Tantangan terbesar bagi tim bukan hanya pengetahuan, tetapi juga peralatan ketika sekolah tidak memiliki dana untuk membeli robot untuk kompetisi. Ibu Dinh harus menghubungi dan untungnya meminjam satu set robot. Ketika robot rusak, mencari suku cadang pengganti menjadi masalah lain karena suku cadang tidak tersedia, dan pemesanannya membutuhkan waktu berhari-hari. Selain itu, biaya perjalanan dan biaya untuk berpartisipasi dalam turnamen besar juga menjadi tantangan finansial.
Namun, dengan tekad yang kuat, Ibu Dinh dan murid-muridnya telah berupaya mengatasi berbagai kesulitan agar dapat membawa robot mereka ke arena teknologi, bersaing dengan tim-tim dari kota-kota besar. Upaya dan ketekunan inilah yang membuat tim tersebut memenangkan penghargaan Steel Will dalam kompetisi tersebut.

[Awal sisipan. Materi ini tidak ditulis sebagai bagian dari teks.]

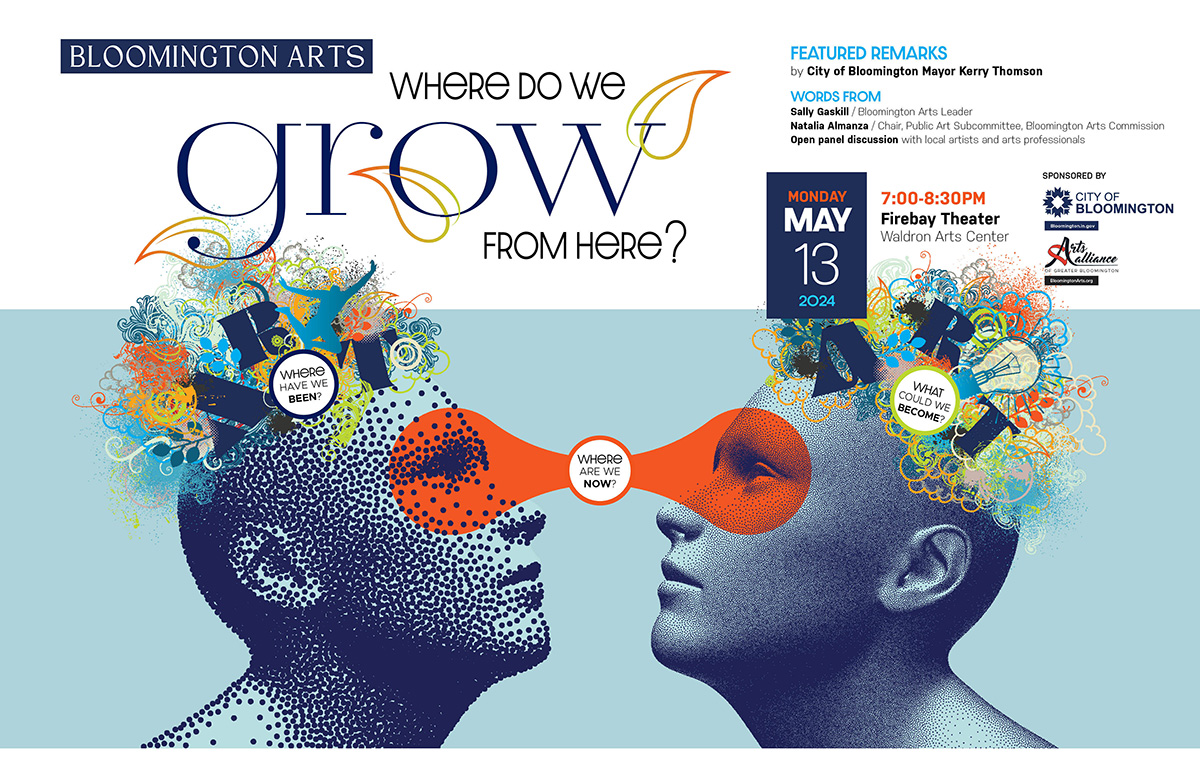 Find out at Bloomington Arts: Where Do We Grow From Here on Monday, May 13, 7pm, at the Waldron Arts Center hosted by Arts Alliance of Greater Bloomington along with the City of Bloomington. This event will address where we have been, and what we can aspire to as artists in our community. Special guest speakers have been invited including Mayor Kerry Thompson and other local arts advocates Sally Gaskill and Natalia Almanza. Following their featured remarks, the event will conclude in an open panel discussion in which we invite you to share thoughts, comments, and questions so come ready to engage with our esteemed panelists! We look forward to seeing you there!
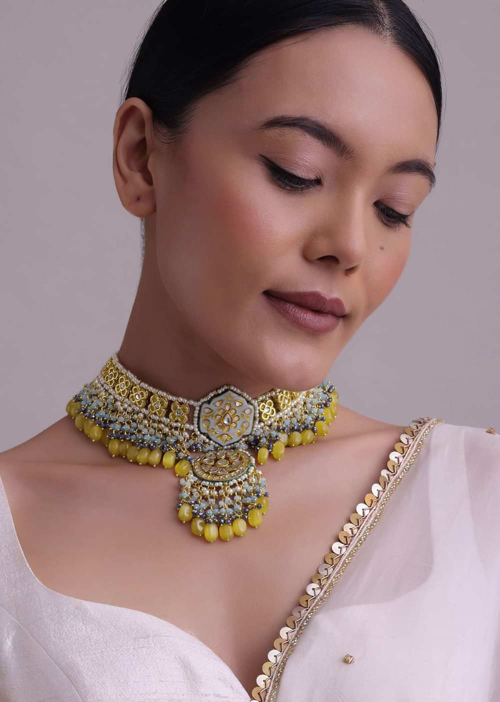 A solid color saree or a traditional salwar kameez would make the perfect backdrop for this stunning piece of jewelry.

Konsep kesuksesan Bu Dinh selalu melampaui trofi atau medali individu. Oleh karena itu, setelah setiap turnamen, alih-alih beristirahat, beliau langsung kembali ke sekolah, menyelenggarakan sesi berbagi, dan memberikan bimbingan teknis kepada guru-guru dari sekolah-sekolah tetangga. Beliau juga menyumbangkan perangkat robot dan dukungan teknis agar siswa dari sekolah lain juga dapat mengakses dan mengenal STEM.
Momen tak terlupakan terjadi ketika Ibu Dinh dan timnya menampilkan robot tepat di Tiang Bendera Lung Cu. Di bawah bendera merah berkibar dengan bintang kuning, robot-robot kecil yang dirakit dan diprogram oleh siswa Dong Van bergerak secara ritmis dan cerdas. Bagi Ibu Dinh, gambaran itu menunjukkan semangat kreativitas tanpa batas dan aspirasi untuk memajukan pendidikan di dataran tinggi Tuyen Quang .

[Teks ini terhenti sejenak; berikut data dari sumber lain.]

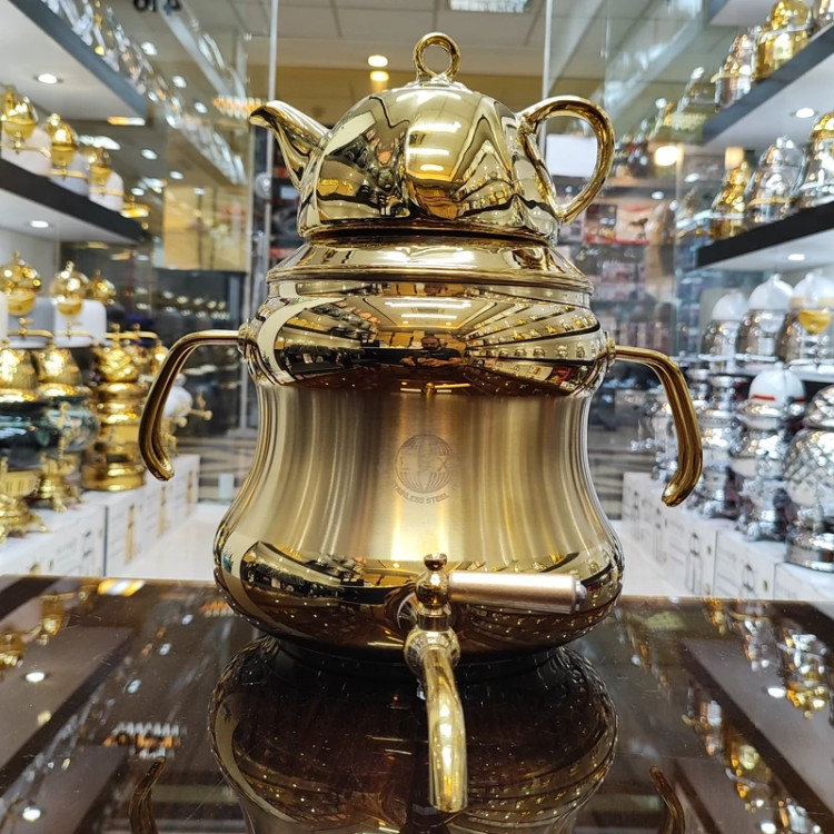 از تولیدات کارخانه با ورق استیل یک میل ضخیم تمام طلایی رنگ ثابت تضمینی گنجایش 6لیتری اب کفه چدنی مقاوم و ایمن که باعث میشه با خیال راحت بتونید روی حرارت زیاد استفاده کنید دسته و شیر خارجی اعلا دارای درب شبکه ای قوری چینی طرحدار طلایی پی وی دی شده 24ماه ضمانت برند اس لوکس
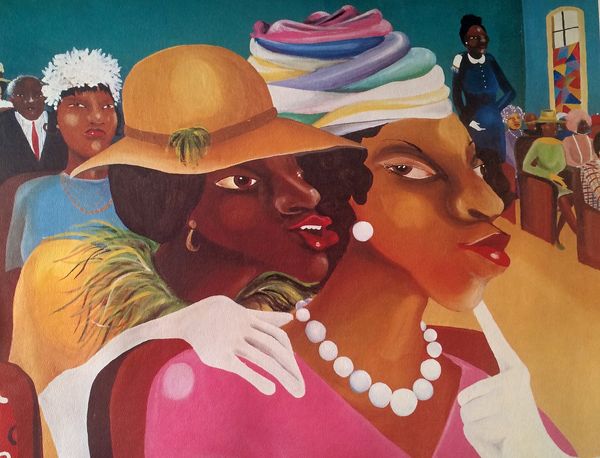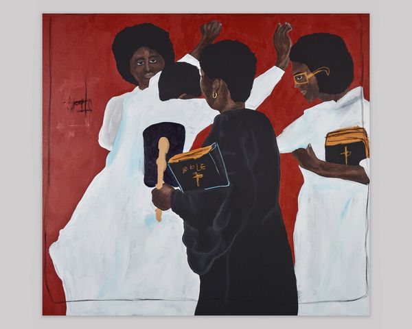 Editor: So, this is "The Reformation" by Lanise Howard, painted in 2022 using acrylic on canvas. I’m really drawn to how the figures are set against this seemingly vast, open landscape. It's almost dreamlike. What stands out to you about it? Curator: From a materialist perspective, the title "The Reformation" is a direct pointer to shifting social and material conditions. Consider the women's athletic wear: mass-produced, affordable fabrics and footwear – readily available commodities. Are they consumers of this culture? Producers? The tension between their individual identities and their conforming white attire reveals a critical commentary on both capitalism and group dynamics. Editor: That’s an interesting point. I hadn't thought about the clothing in terms of production. Does the landscape itself play a role in your interpretation? Curator: Absolutely. What materials were used to produce the pigment and canvas, and what were the historical uses of those materials? Furthermore, notice the seemingly untouched landscape contrasted with their outfits, hinting at a deeper societal engagement with the earth's resources. Is the artist proposing that the relationship between marginalized women and landscape, especially as commodities, are interwoven? Editor: It’s a bit unsettling to think about landscape as a commodity but, with this painting, that perspective does feel potent. Thanks, I will never see it the same way again. Curator: Exactly! I think we've just cracked the surface regarding the dynamic exchange and interplay between human elements and our resources in the artwork.
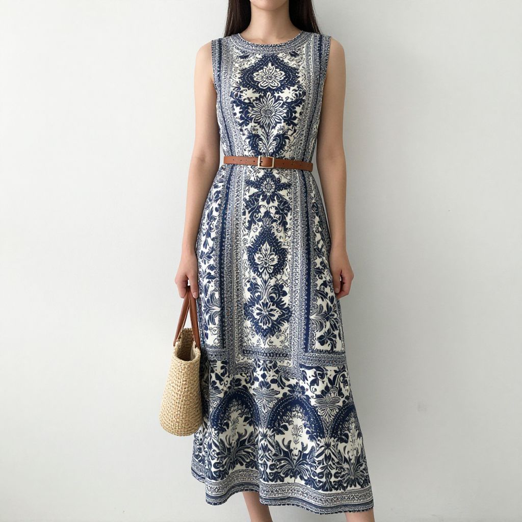Woman wearing a sleeveless, crew-neck maxi dress with intricate blue and white floral patterns, accessorized with a brown belt and holding a woven straw bag, standing against a plain white wall.
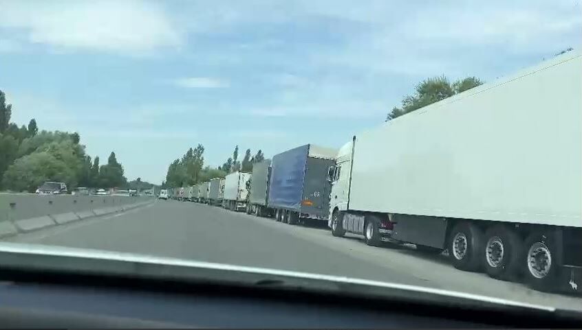 В очереди стоит более 50 грузовиков, а затор растянулся на несколько километров.
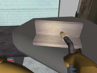The turn-key Virtual Reality Welding Trainer system, brainchild of both SGI and VRSim demonstrates the possibilities for VR in any training situation. A Custom-made head-mounted display totally immerses the user within a world, set up to match the size of an open space on a physical floor. They can wander freely within the world, and practice with an mock-up welding gun, held in their hands which is itself tied into the VR, and able to provide full haptic feedback for every manoeuvre.

Tak berhenti di situ, Ibu Dinh juga menciptakan taman bermain teknologi di sekitar sekolah. Ia menyelenggarakan Festival STEM di sekolah, mengubah halaman sekolah asrama menjadi ruang kreatif yang penuh warna, dengan stan sains, permainan intelektual, dan demonstrasi teknologi. Puncak acaranya adalah Kompetisi Robot Terbuka KCbot yang pertama, yang mempertemukan siswa dari tingkat SD hingga SMA di dalam dan luar wilayah tersebut.

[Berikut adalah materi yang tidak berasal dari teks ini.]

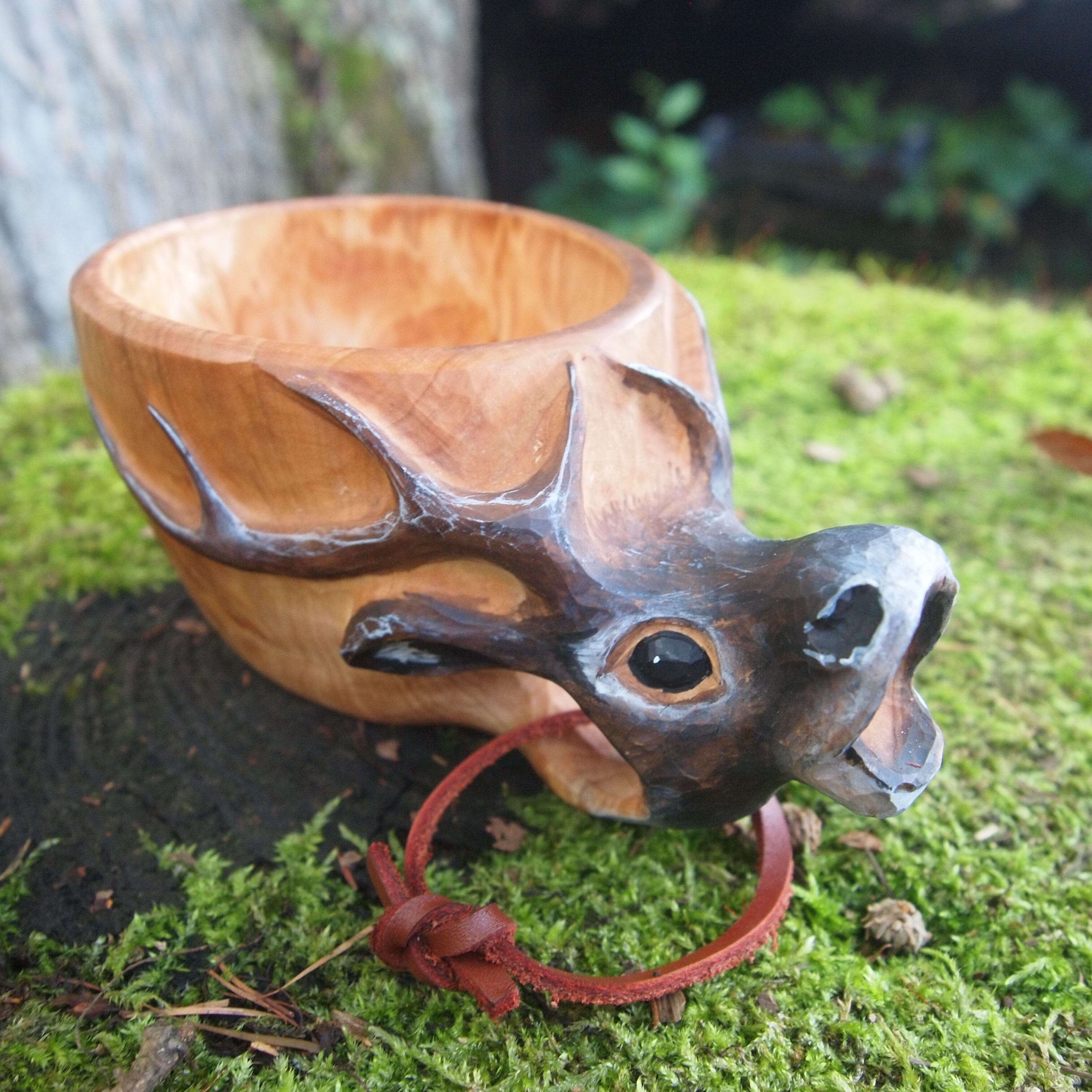 shadrinwood/ベラルーシ産ククサ/1つ穴ハンドル180cc/白樺の木/トナカイ/木彫り/BE-023
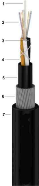 - 4. Пластиковая трубка с гидрофобным заполнителем и свободно уложенными оптическими волокнами.
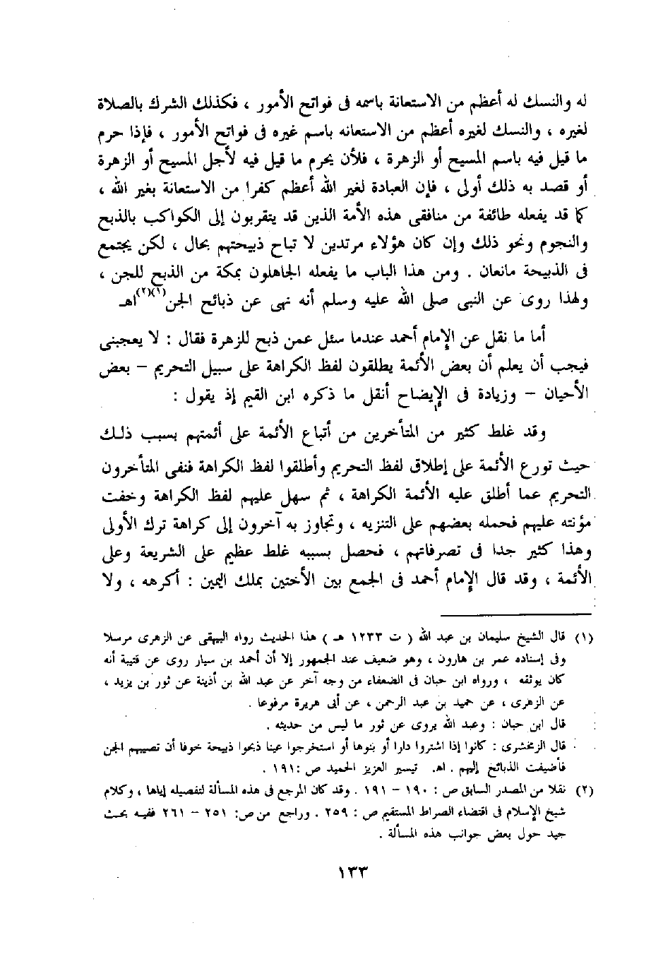 أما ما نقل عن الإمام أحمد عند ما سئل عمن ذبح للزهرة فقال: لا يعجبنى فيجب أن يعلم أن بعض الأئمة يطلقون لفظ الكراهة على سبيل التحريم- بعض الأحيان- وزيادة فى الإيضاح أنقل ما ذكره ابن القيم إذ يقول:

Bersama rekan-rekannya, ia terus memperluas pengaruhnya, menyelenggarakan pelatihan Robot KCbot dan Robot Virtual Vex VR untuk 20 sekolah menengah lainnya. Khususnya, ia juga membuka kelas pelatihan aplikasi AI untuk 2 sekolah di komune Dong Van. Di bawah bimbingan Ibu Dinh, "benih-benih STEM" telah mulai tumbuh di banyak desa, menyebarkan semangat belajar, kreativitas, dan pemikiran pemecahan masalah.